■ Data shown ■
__________________________________________________
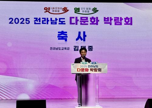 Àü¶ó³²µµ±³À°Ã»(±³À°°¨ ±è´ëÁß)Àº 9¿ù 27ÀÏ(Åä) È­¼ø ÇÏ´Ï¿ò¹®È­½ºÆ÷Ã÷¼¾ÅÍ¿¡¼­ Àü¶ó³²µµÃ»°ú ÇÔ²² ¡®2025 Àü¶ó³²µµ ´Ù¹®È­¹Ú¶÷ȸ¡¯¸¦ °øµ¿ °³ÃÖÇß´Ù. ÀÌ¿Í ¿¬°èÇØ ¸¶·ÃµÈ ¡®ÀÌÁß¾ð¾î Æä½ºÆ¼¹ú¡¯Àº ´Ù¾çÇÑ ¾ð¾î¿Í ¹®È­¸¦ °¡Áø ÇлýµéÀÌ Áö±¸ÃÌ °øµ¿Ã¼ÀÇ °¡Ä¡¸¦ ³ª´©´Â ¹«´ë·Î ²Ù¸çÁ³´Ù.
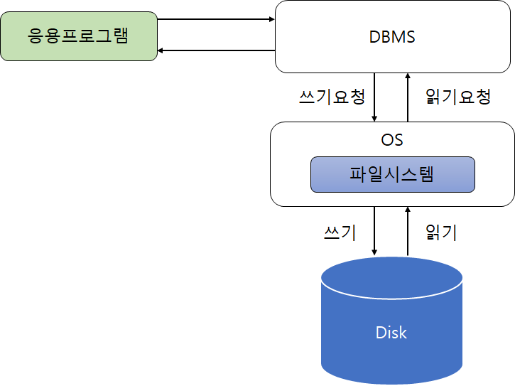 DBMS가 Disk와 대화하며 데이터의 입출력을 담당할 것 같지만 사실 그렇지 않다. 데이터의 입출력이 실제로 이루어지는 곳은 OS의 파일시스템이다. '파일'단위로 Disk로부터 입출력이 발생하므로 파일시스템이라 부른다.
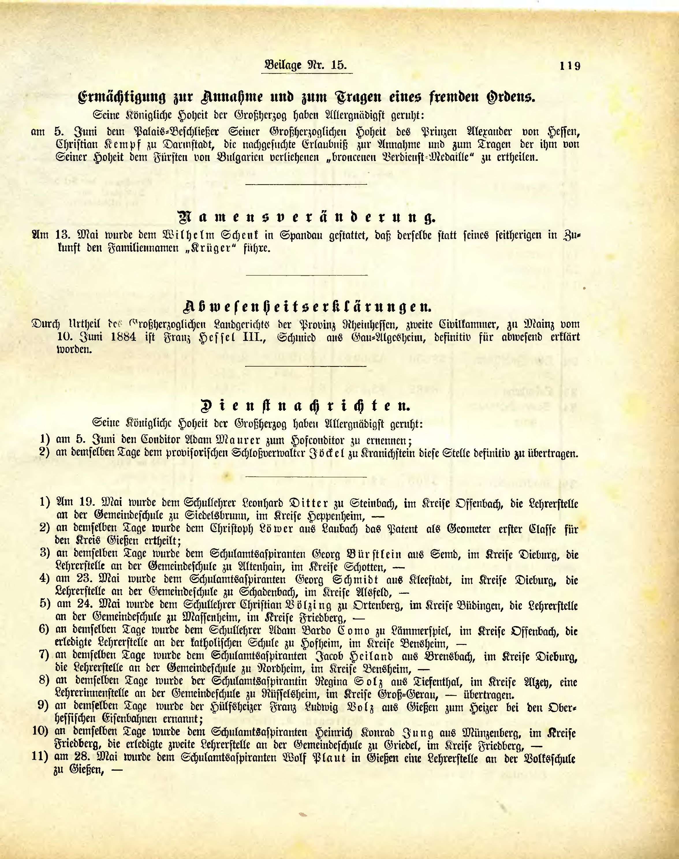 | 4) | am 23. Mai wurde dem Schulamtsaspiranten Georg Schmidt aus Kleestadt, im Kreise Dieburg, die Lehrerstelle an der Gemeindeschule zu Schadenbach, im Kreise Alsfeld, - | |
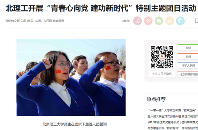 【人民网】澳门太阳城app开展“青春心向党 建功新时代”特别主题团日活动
__________________________________________________
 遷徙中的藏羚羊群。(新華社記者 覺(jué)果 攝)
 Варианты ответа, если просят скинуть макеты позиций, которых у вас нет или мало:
__________________________________________________
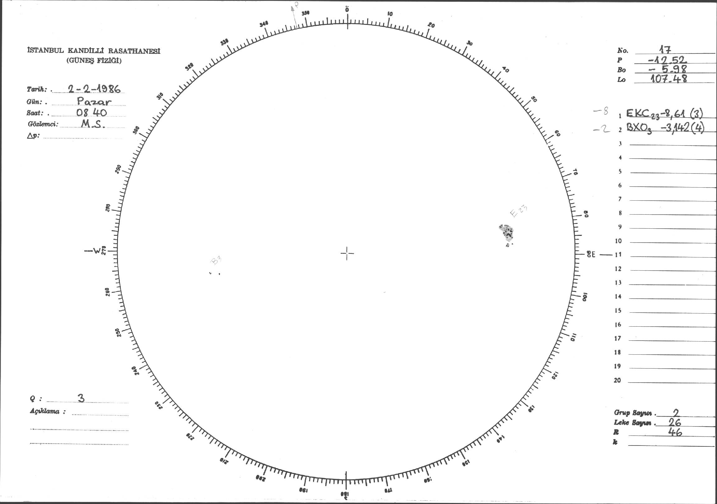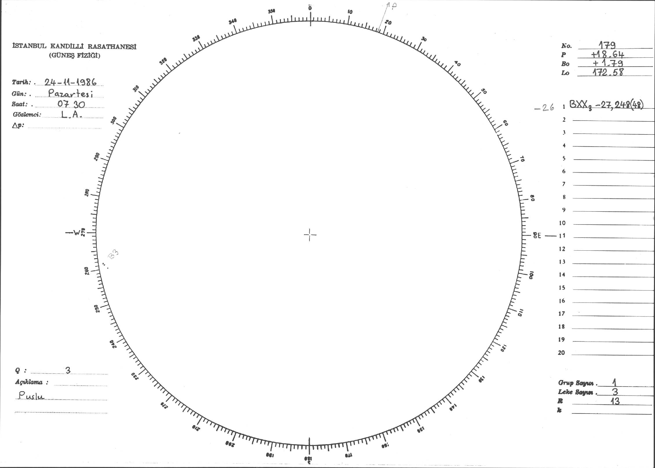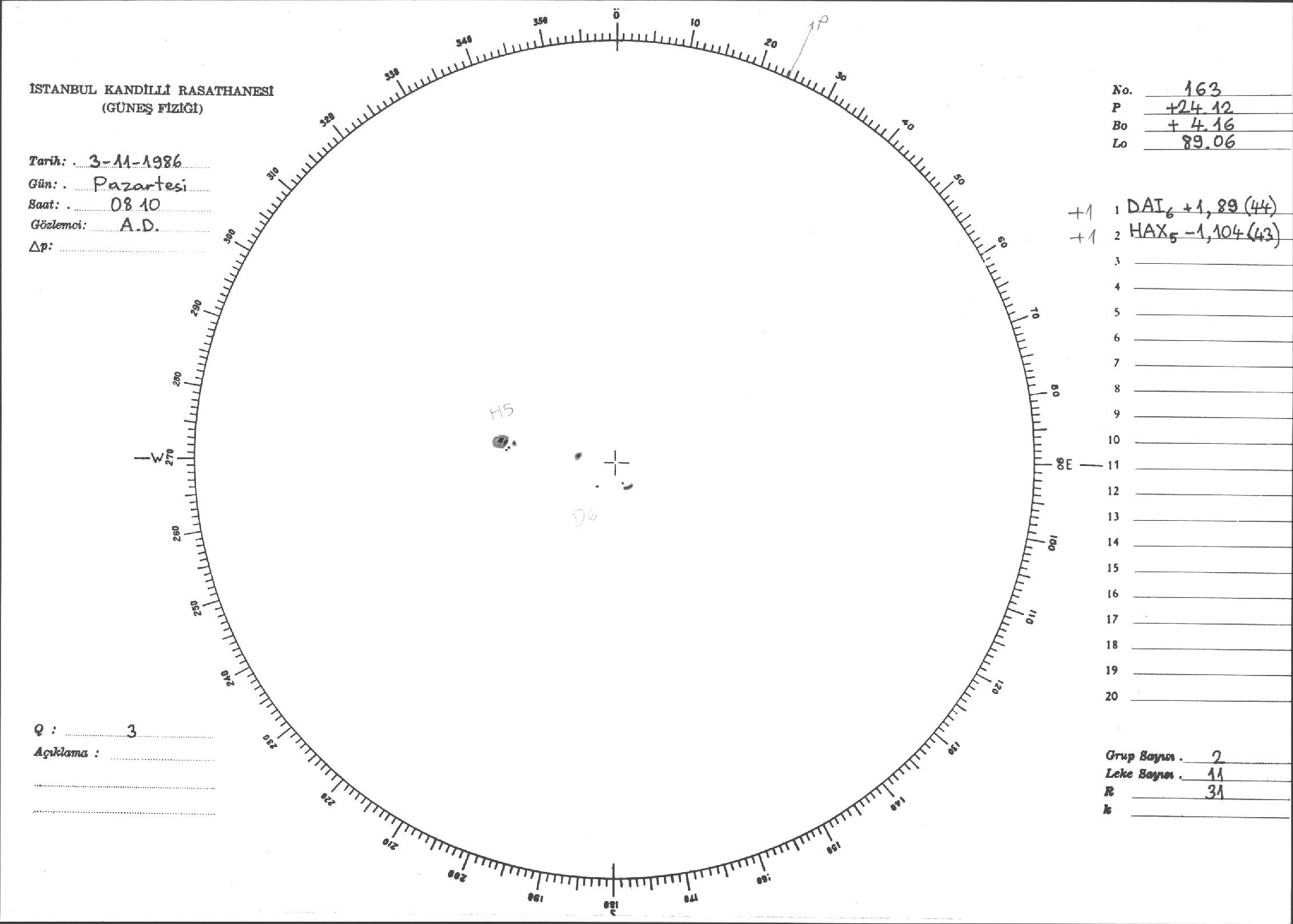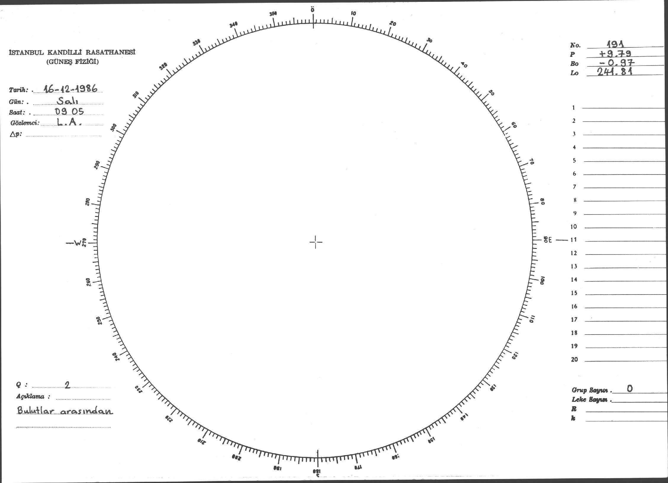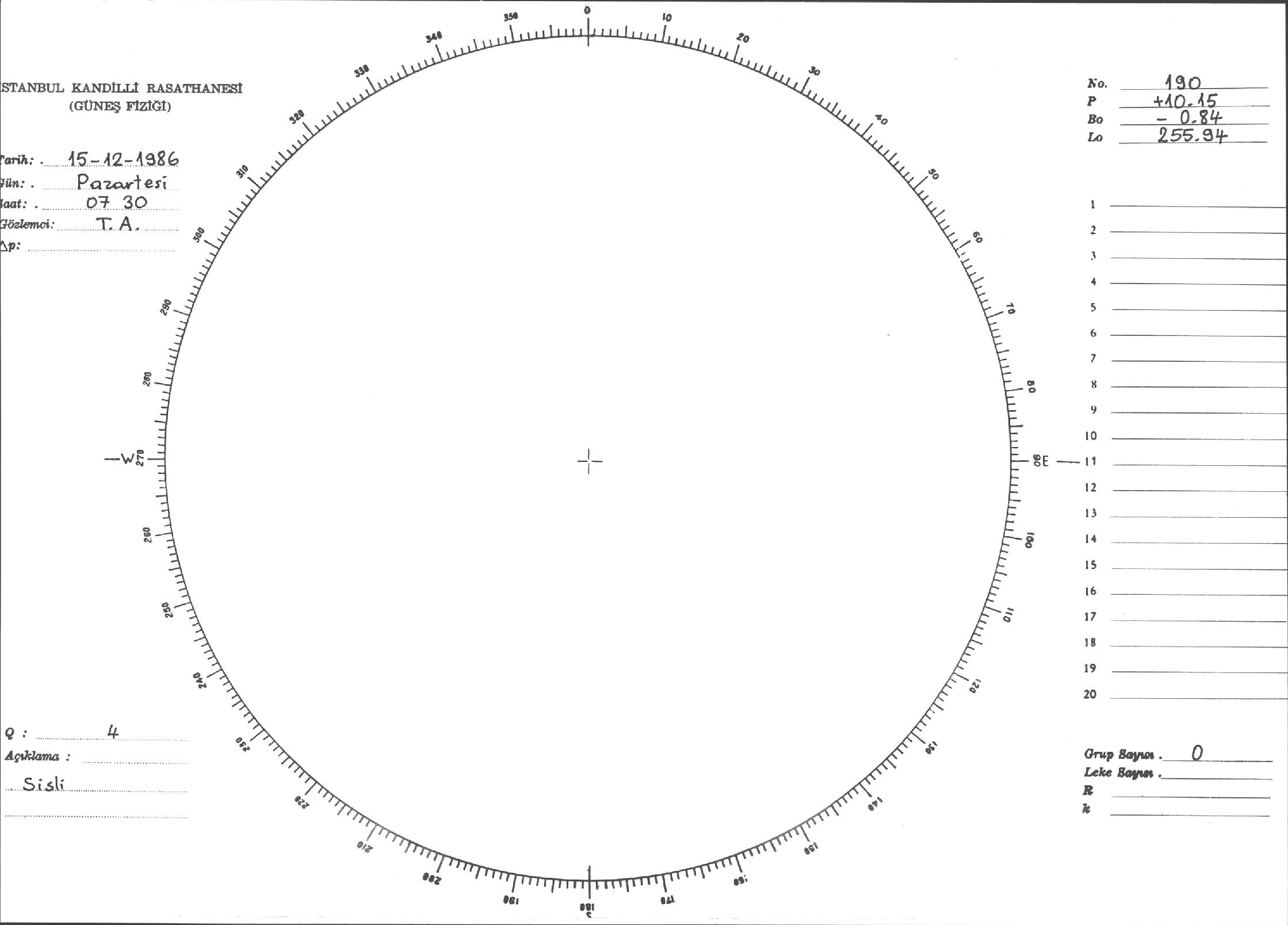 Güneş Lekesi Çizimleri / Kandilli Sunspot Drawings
__________________________________________________
■ Task statement ■
Copy only what runs above from the line containing "9¿ù 27ÀÏ(Åä) È­¼ø" through the line containing "DBMS가 Disk와 대화하며", exactly. Leave out the pictures.

■ Expected output ■
 Àü¶ó³²µµ±³À°Ã»(±³À°°¨ ±è´ëÁß)Àº 9¿ù 27ÀÏ(Åä) È­¼ø ÇÏ´Ï¿ò¹®È­½ºÆ÷Ã÷¼¾ÅÍ¿¡¼­ Àü¶ó³²µµÃ»°ú ÇÔ²² ¡®2025 Àü¶ó³²µµ ´Ù¹®È­¹Ú¶÷ȸ¡¯¸¦ °øµ¿ °³ÃÖÇß´Ù. ÀÌ¿Í ¿¬°èÇØ ¸¶·ÃµÈ ¡®ÀÌÁß¾ð¾î Æä½ºÆ¼¹ú¡¯Àº ´Ù¾çÇÑ ¾ð¾î¿Í ¹®È­¸¦ °¡Áø ÇлýµéÀÌ Áö±¸ÃÌ °øµ¿Ã¼ÀÇ °¡Ä¡¸¦ ³ª´©´Â ¹«´ë·Î ²Ù¸çÁ³´Ù.
 DBMS가 Disk와 대화하며 데이터의 입출력을 담당할 것 같지만 사실 그렇지 않다. 데이터의 입출력이 실제로 이루어지는 곳은 OS의 파일시스템이다. '파일'단위로 Disk로부터 입출력이 발생하므로 파일시스템이라 부른다.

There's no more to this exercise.